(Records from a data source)
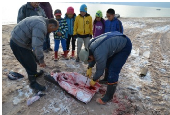
Grønlandshaj parteres på stranden september 2014

Der kan muligvis stilles spørgsmålstegn ved reguleringsgrundlaget, i det omfang den er baseret på fangernes indrapporteringer. Flere fangere fortæller, at deres og bygdens indrapporteringer er mindre - omkring det halve - af den egentlige fangst. Hvis det er korrekt, betyder det, at kvoterne er fastsat ud fra et estimat over bestanden, der er betydeligt under det reelle niveau. Vi har ikke grundlag for at vurdere dette udsagn, men peger på, at det er en klassisk problemstilling i fangerdistrikterne.
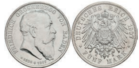
182 5 Mark, 1907, Friedrich I., auf seinen Tod, wz. Rf., vz-st. J. 37 150,—
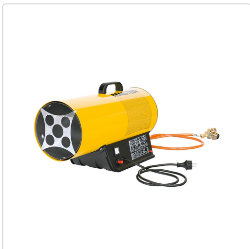
Master BLP 33 M – riscaldatori d'aria diretti a gas

I riscaldatori a gas Master generano grandi volumi di calore istantaneo. Sono molto economici, robusti ed efficienti. I riscaldatori a gas portatili sono progettati per aree ben ventilate come cantieri, magazzini o fabbriche.
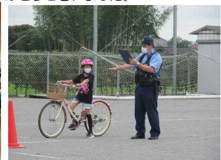
自転車練習の様子

今年は、昨年に比べ県内の小学生の交通事故は減っているそうです。しかし、夏休みに入るとすぐに交通事故が起きたこともあります。夏休み中は、子供たちの自由な時間がいつもより多くなります。交通安全について、そして、命の大切さについて御家庭でも御指導をお願いいたします。
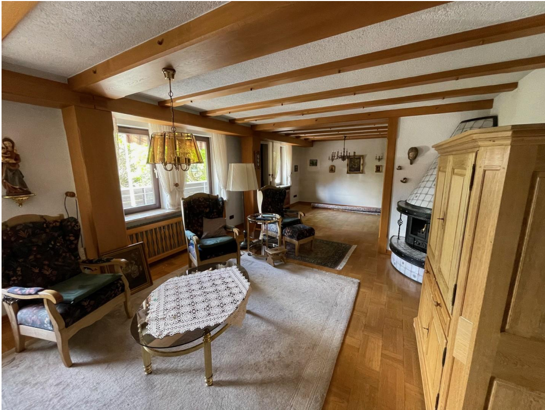
Wohn/Essbereich 1. Geschoß
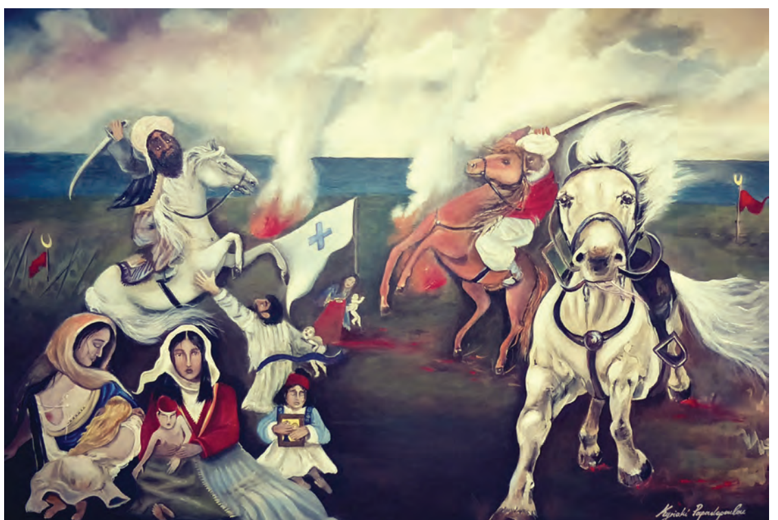
Η Σφαγή της Χίου, 61 x 92cm

Η Παπαδοπούλου ζωγραφίζει θέματα ιστορικά, πορταίτα των αγωνιστών της επανάστασης και αγιογραφίες.

**TASK STATEMENT:** Check each line above for "riscaldatori" and state how many match, answering with only the number.

**RESPONSE FOR THIS EXERCISE:** 2